22nd Colonial Governor of New York
- In office 1728–1731
- Monarch: George II
- Preceded by: William Burnet
- Succeeded by: Rip Van Dam

Personal details
- Born: unknown Beith, Scotland
- Died: 1 July 1731 New York City
- Occupation: Colonial administrator

= John Montgomerie =

British military officer, colonial governor of New York and New Jersey (1680–1731)

Colonel John Montgomerie (died 1731) was colonial governor of New York and New Jersey from 1728 to 1731.

==Life==
Montgomerie was born in the parish of Beith in Scotland. His father, Francis Montgomerie, was a member of the Privy Council under William III and Mary II and Queen Anne, and lord of Castle Giffen in Beith. When John Montgomerie married, his father gave him the estate at Hessilhead, which was auctioned off in 1722 to pay off accumulated debts.

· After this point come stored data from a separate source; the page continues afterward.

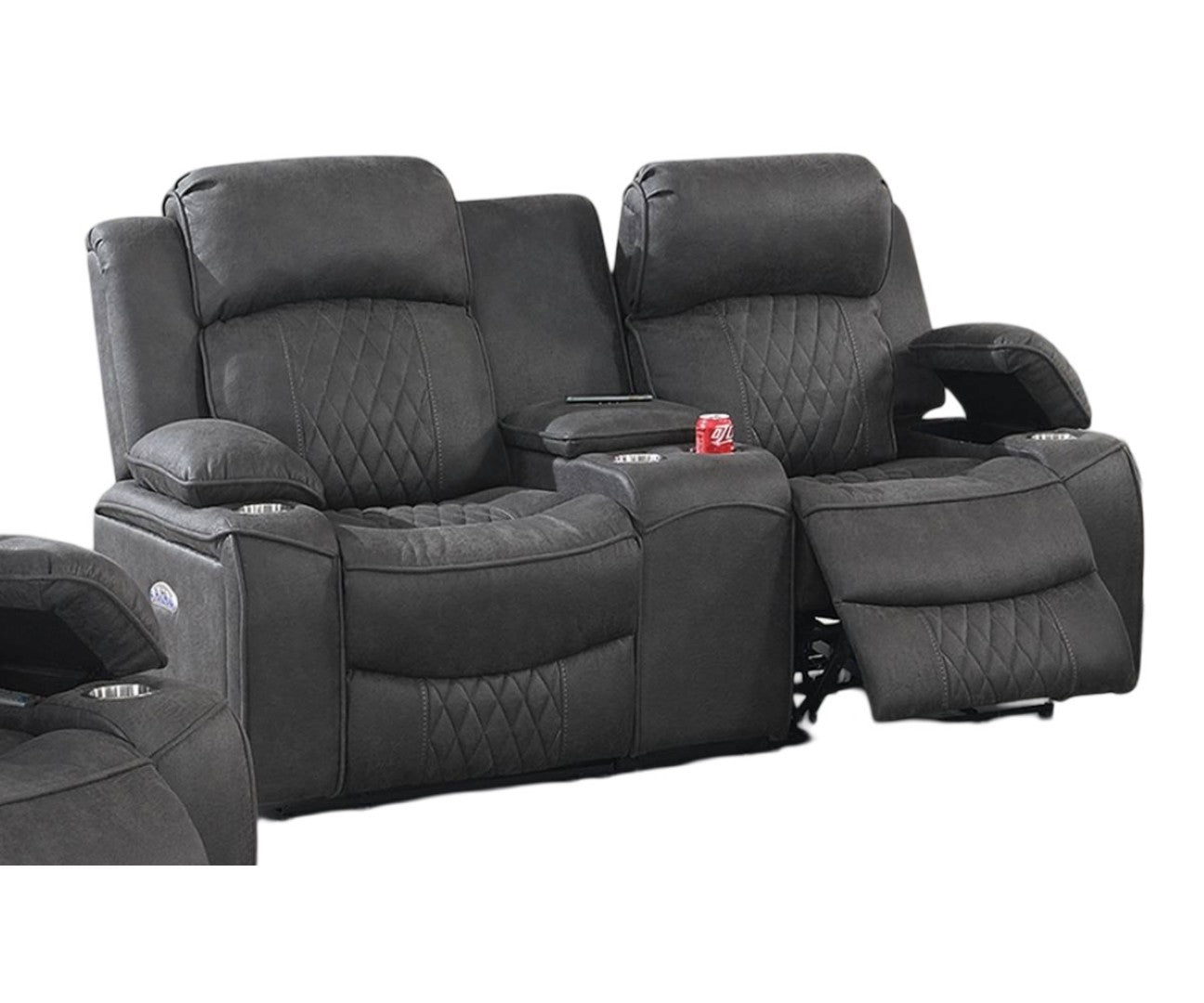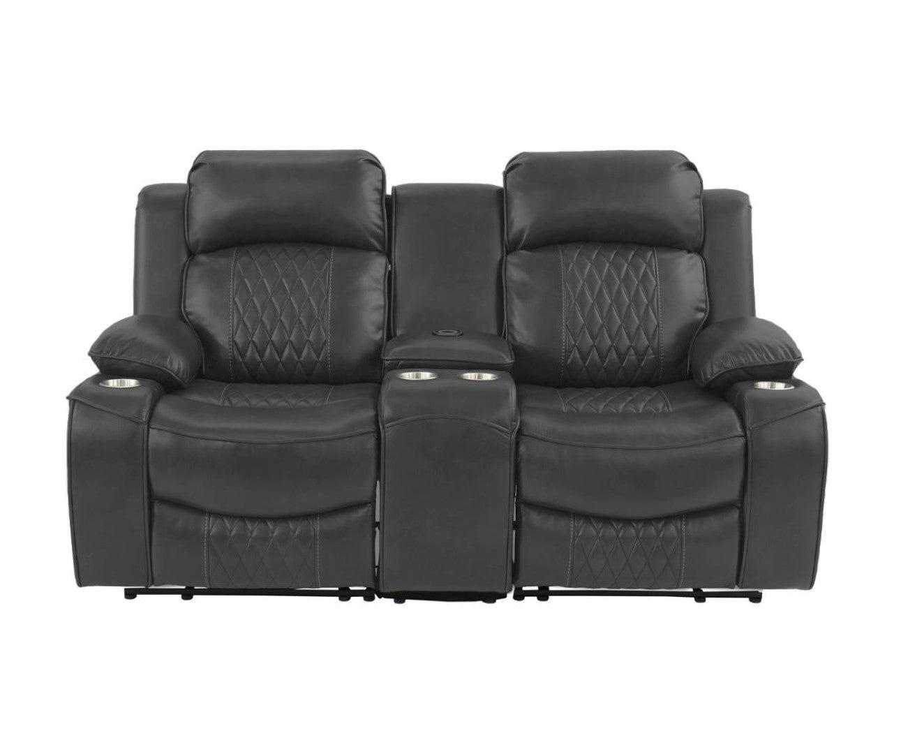 Transform your living space into a modern home-theater retreat with this power-motion loveseat. Plush, gel-infused leatherette cushions and fingertip-controlled reclining deliver lasting comfort, while integrated conveniences—like cup holders, USB charging, wireless charging, and overhead lighting—keep essentials within easy reach. Finished in contemporary charcoal, the loveseat blends refined style with everyday durability and easy-care performance.
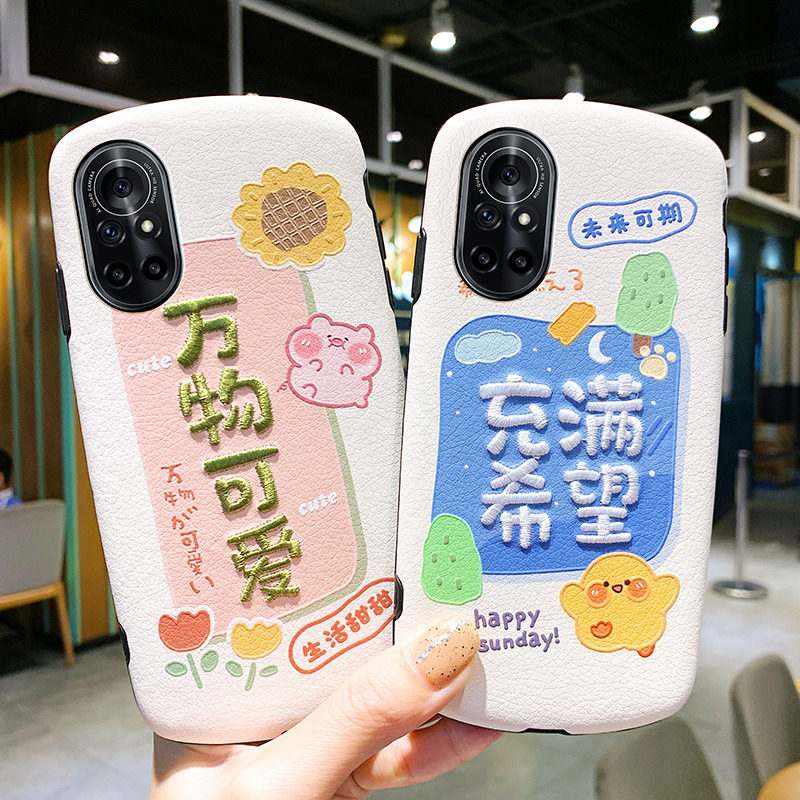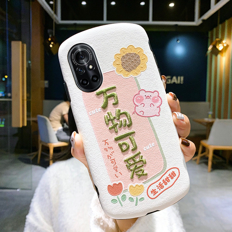 Huawei nova8 mobile phone protective case Huawei nova8pro protective case all-inclusive couple models leather pattern embroidery embossed anti-fall 5G silicone net red ins wind soft shell new products for men and women cute silicone
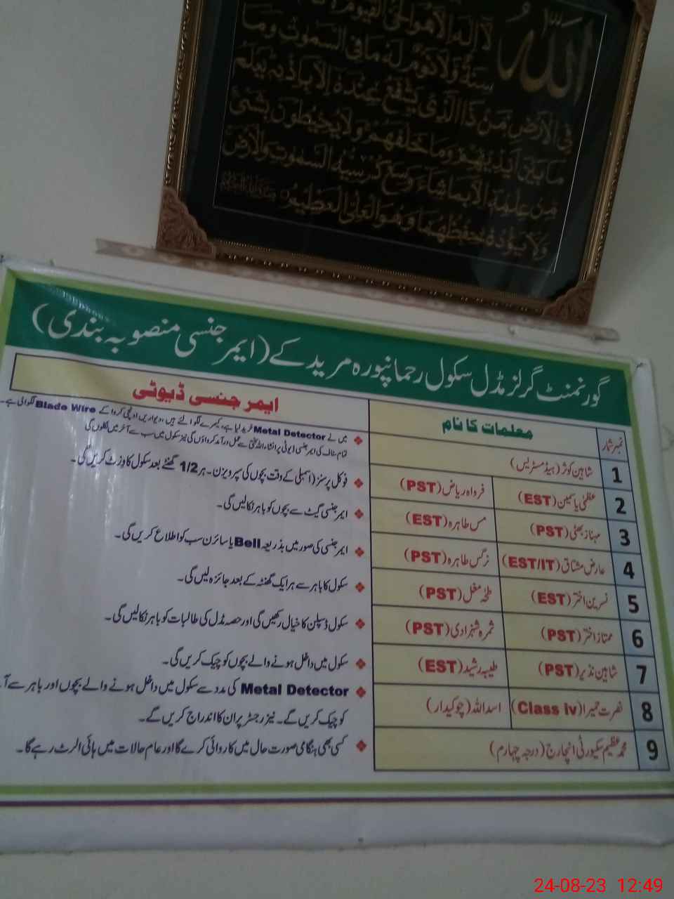 | Certified that this School was Inspected by the Undersigned MEA/DMO Today and the Information Stated Above is as Per Record. | |||||
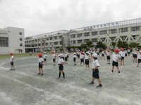 昼休みの時間、応援団が校庭で練習をしていました。明日は雨の予報なので、応援団も校...
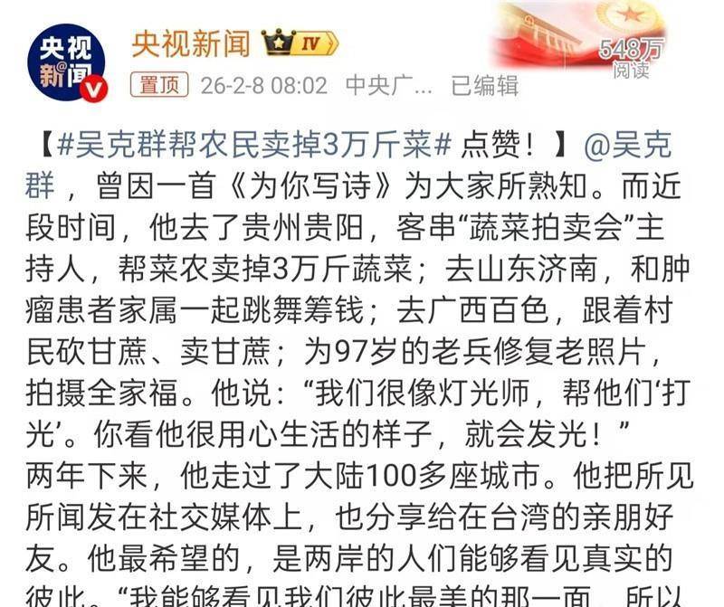 不是推出新歌,而是因为“帮农民卖掉3万斤菜”这事得到了央视的点赞!
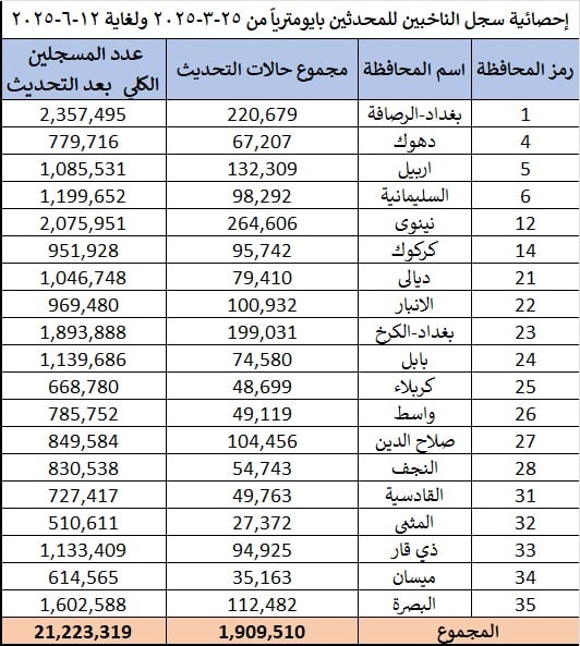 المفوضية ذكرت في بيان أن "عدد المسجلين بايومترياً بلغ 21.223.319 ناخبا"، مضيفة أن "مجموع حالات تحديث البيانات بلغ 1.909.510".

Montgomerie served in the 3rd Foot Guards, and was elected to Parliament for Ayrshire between 1710 and 1722. When George II ascended the throne in 1727 he rewarded Montgomerie for his service with the governorship of New York and New Jersey, a position Montgomerie may have sought on account of his financial difficulties.

During Montgomerie's term in New York he presided over the issuance of what became known as the Montgomerie Charter for New York City. This served as the city's governing charter for more than a century, even though it was never formally approved by the crown. The city appropriated a sum of £1,000 at the times which may have served as a bribe to various colonial officials, including Montgomerie. His tenure in office saw the city's export exceed those of Boston and Philadelphia, which had until then been the major trade centers in the North American colonies. He also oversaw the final agreement of the borders between New York and the neighboring Connecticut Colony.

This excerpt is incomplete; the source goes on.